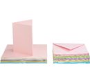Deze geweldige voordeelverpakking van 50 kaarten en bijpassende enveloppen biedt je de perfecte basis voor al je ideeën voor wenskaarten. De vijf betoverende kleuren - roze, groen, paars, geel en blauw - brengen een zacht kleurenpalet in je knutselwereld. Elke kaart in het praktische DIN-A6 formaat meet 10,5 x 15 cm en heeft een gramsgewicht van 220 g/m², ideaal voor een stabiele en hoogwaardige afwerking. De bijpassende enveloppen met een gramsgewicht van 110 g/m² maken de set compleet.
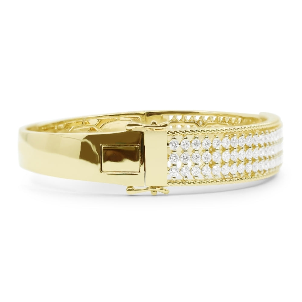 Crafted in solid 14K gold, this Madison L Jewelry Milano Collection bangle featuring a Cocktail motif is perfect for wearing solo or stacking with timeless appeal.
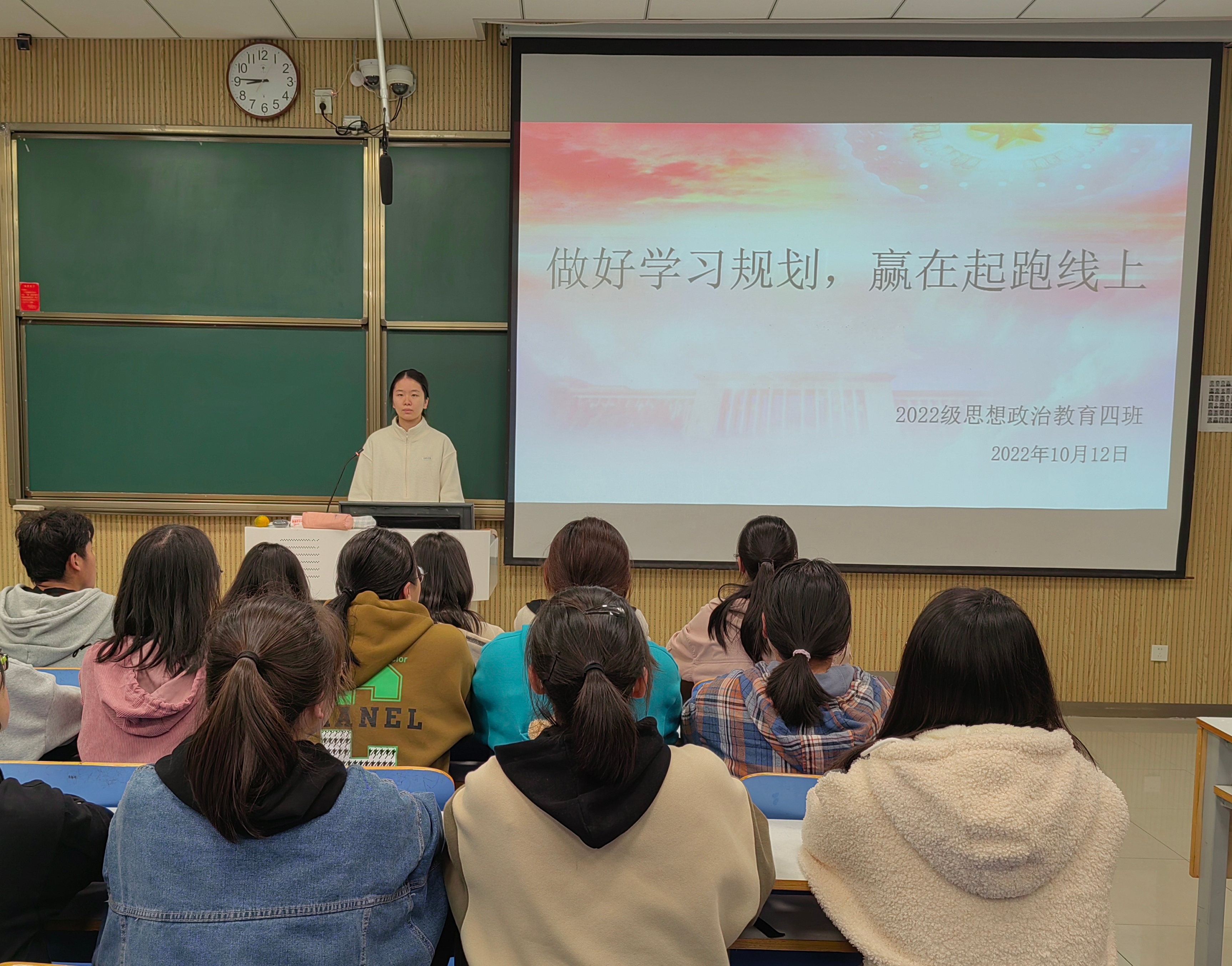 10月12日下午,永利集团官网2022级思想政治教育四班在社科楼515教室召开“做好学习规划,赢在起跑线上”主题班会。班会由班长牛志杰主持召开。
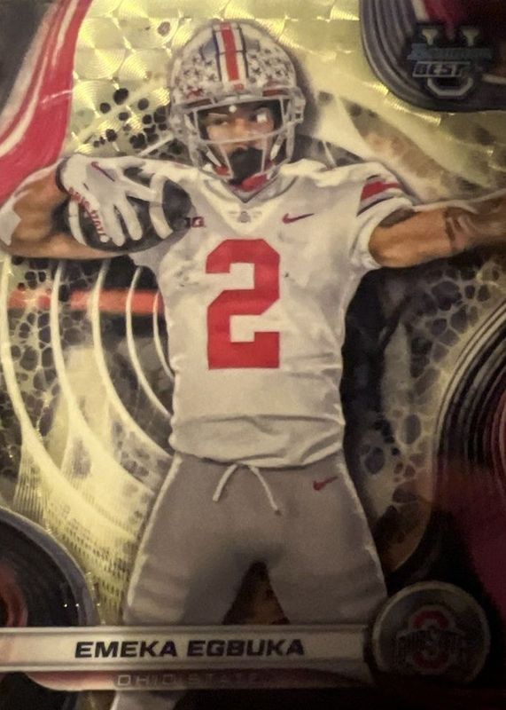 This card is 1 of 35 Emeka Egbuka's card variations in the 2024 Bowman Best University set being tracked by Sports Card Investor, including Base, Refractor, Speckle Refractor, Aqua Refractor /225, and Blue Refractor /149.
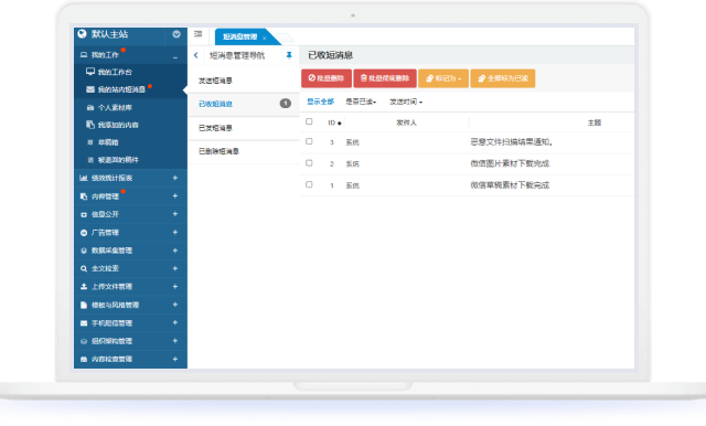當(dāng)有未讀短消息時(shí),管理后臺(tái)右上角的短消息圖標(biāo)會(huì)顯示具體的短消息數(shù)量,并且“我的工作”及“我的站內(nèi)短消息”菜單項(xiàng)會(huì)以紅點(diǎn)標(biāo)記提醒。
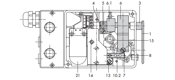 電氣氣動定位器用于分配閥門位置(控制變量)和控制信號(參考變量)。它是一個控制和調(diào)節(jié)裝置即將到來的啟動信號控制閥的行程與氣動相比較控制驅(qū)動壓力(輸出)。定位器由電動氣動裝置組成轉(zhuǎn)換器單元(21)和帶杠桿(1),軸的氣動部件(1.1)和彈簧和控制系統(tǒng)帶噴嘴,擋板和放大器。那個控制裝置即將到來的控制信號(輸入信號),來自的直流信號。 B. 4至20mA,應(yīng)用于電動氣動變壓器單元(i / p轉(zhuǎn)換器)在比例壓力信號中引導(dǎo)并存在pe形成。隨著改變的電流信號變化也與氣動成正比控制系統(tǒng)提供氣壓pe??諝鈮毫e依次產(chǎn)生測量膜片(8)的力量比較彈簧(6)的力。測量膜片(8)的運(yùn)動傳遞在手寫筆(9.1)上擋板(10.2)和噴嘴(10.1)是驅(qū)動。氣壓變化pe或閥門位置引起壓力下游噴嘴的變化放大器(12)并有控制設(shè)定壓力pst會導(dǎo)致塞桿與參考變量對應(yīng)的位置占據(jù)。
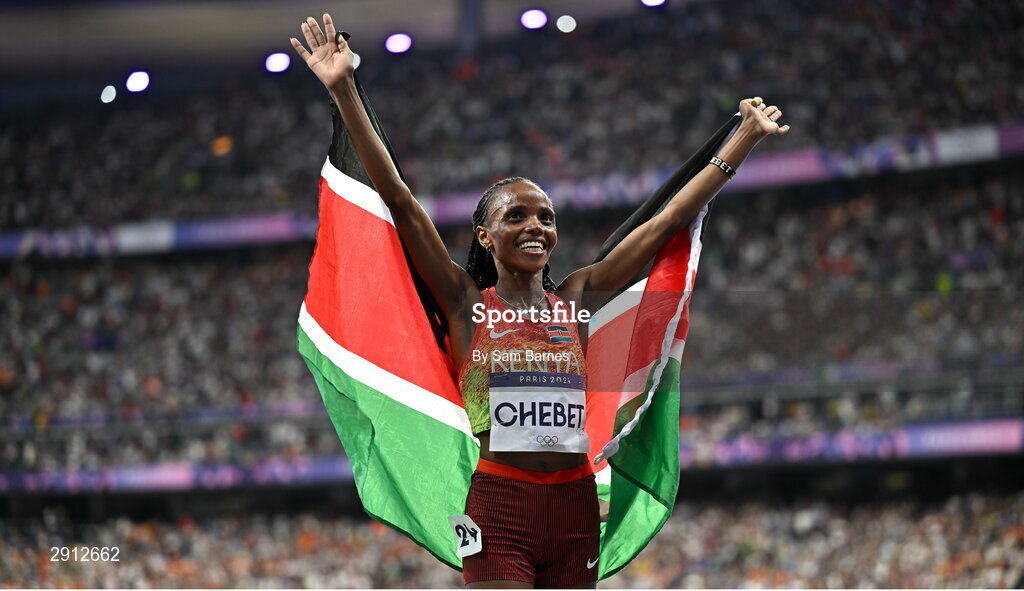 9 August 2024; Beatrice Chebet of Team Kenya celebrates after winning the women's 10,000m final at the Stade de France during the 2024 Paris Summer Olympic Games in Paris, France. Photo by Sam Barnes/Sportsfile
------------------------------------------------
- [WHAT YOU WILL DO]
Give exactly the lines above that run from the line with "10月12日下午,永利集团官" to the line with "當(dāng)有未讀短消息時", both included, leaving every picture out.

- [EXERCISE OUTPUT]
 10月12日下午,永利集团官网2022级思想政治教育四班在社科楼515教室召开“做好学习规划,赢在起跑线上”主题班会。班会由班长牛志杰主持召开。
 This card is 1 of 35 Emeka Egbuka's card variations in the 2024 Bowman Best University set being tracked by Sports Card Investor, including Base, Refractor, Speckle Refractor, Aqua Refractor /225, and Blue Refractor /149.
當(dāng)有未讀短消息時(shí),管理后臺(tái)右上角的短消息圖標(biāo)會(huì)顯示具體的短消息數(shù)量,并且“我的工作”及“我的站內(nèi)短消息”菜單項(xiàng)會(huì)以紅點(diǎn)標(biāo)記提醒。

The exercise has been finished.